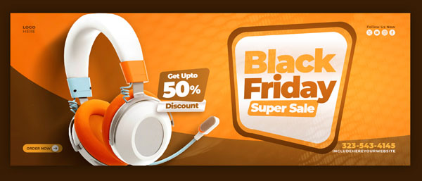 Оранжевый макет с наушниками для распродажи на черную пятницу
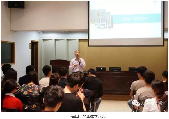 在“雙童”,開展最多的活動一定是教育活動。新員工剛?cè)霃S,我們就會開展新員工培訓工作。不僅如此,每周一的晚上,我們還會舉辦2個小時的全體員工學習會,學習公司的規(guī)章制度、企業(yè)文化,引導大家成為“雙童”工匠。另外,還有行政員工學習會、各部門和各班組開展的內(nèi)部學習會……每個“雙童”人都要保證每月8小時以上的學習時間!可以說,“雙童”也是一所大學!
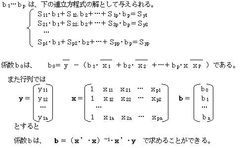 求める重回帰式を、Yi=b1・x1i+b2・x2i+…+bp・xpi+b0 とする、この回帰式の係数b0・
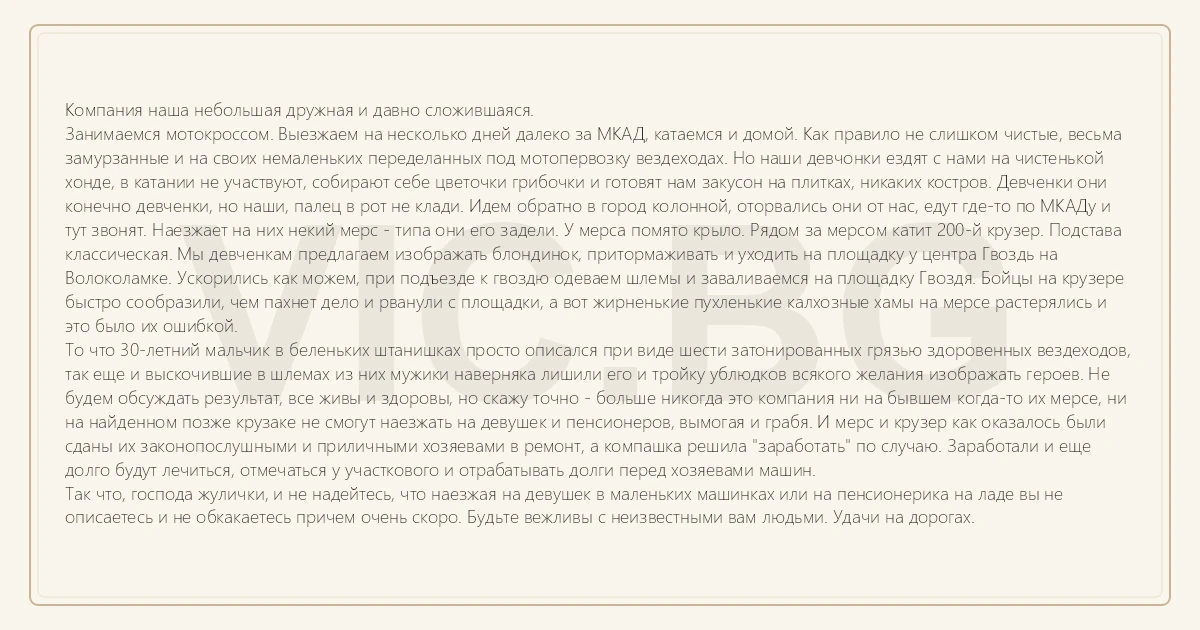 Компания наша небольшая дружная и давно сложившаяся. Занимаемся мотокроссом. Выезжаем на несколько дней далеко за МКАД, катаемся и домой. Как правило не слишком чистые, весьма замурзанные и на своих немаленьких переделанных под мотопервозку вездеходах. Но наши девчонки ездят с нами на чистенькой хонде, в катании не участвуют, собирают себе цветочки грибочки и готовят нам закусон на плитках, никаких костров. Девченки они конечно девченки, но наши, палец в рот не клади. Идем обратно в город колонной, оторвались они от нас, едут где-то по МКАДу и тут звонят. Наезжает на них некий мерс - типа они его задели. У мерса помято крыло. Рядом за мерсом катит 200-й крузер. Подстава классическая. Мы девченкам предлагаем изображать блондинок, притормаживать и уходить на площадку у центра Гвоздь на Волоколамке. Ускорились как можем, при подъезде к гвоздю одеваем шлемы и заваливаемся на площадку Гвоздя. Бойцы на крузере быстро сообразили, чем пахнет дело и рванули с площадки, а вот жирненькие пухленькие калхозные хамы на мерсе растерялись и это было их ошибкой. То что 30-летний мальчик в беленьких штанишках просто описался при виде шести затонированных грязью здоровенных вездеходов, так еще и выскочившие в шлемах из них мужики наверняка лишили его и тройку ублюдков всякого желания изображать героев. Не будем обсуждать результат, все живы и здоровы, но скажу точно - больше никогда это компания ни на бывшем когда-то их мерсе, ни на найденном позже крузаке не смогут наезжать на девушек и пенсионеров, вымогая и грабя. И мерс и крузер как оказалось были сданы их законопослушными и приличными хозяевами в ремонт, а компашка решила "заработать" по случаю. Заработали и еще долго будут лечиться, отмечаться у участкового и отрабатывать долги перед хозяевами машин. Так что, господа жулички, и не надейтесь, что наезжая на девушек в маленьких машинках или на пенсионерика на ладе вы не описаетесь и не обкакаетесь причем очень скоро. Будьте вежливы с неизвестными вам людьми. Удачи на дорогах.
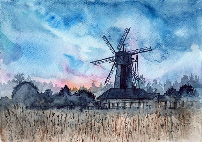 Amazon Com Landscape With A Mill Original Watercolor Nature

****************

- What to produce
With the pictures omitted, set down each line exactly, starting at the first line of the records above and ending with the line that contains "求める重回帰式を、Yi=b1".

- Output
 Оранжевый макет с наушниками для распродажи на черную пятницу
 在“雙童”,開展最多的活動一定是教育活動。新員工剛?cè)霃S,我們就會開展新員工培訓工作。不僅如此,每周一的晚上,我們還會舉辦2個小時的全體員工學習會,學習公司的規(guī)章制度、企業(yè)文化,引導大家成為“雙童”工匠。另外,還有行政員工學習會、各部門和各班組開展的內(nèi)部學習會……每個“雙童”人都要保證每月8小時以上的學習時間!可以說,“雙童”也是一所大學!
 求める重回帰式を、Yi=b1・x1i+b2・x2i+…+bp・xpi+b0 とする、この回帰式の係数b0・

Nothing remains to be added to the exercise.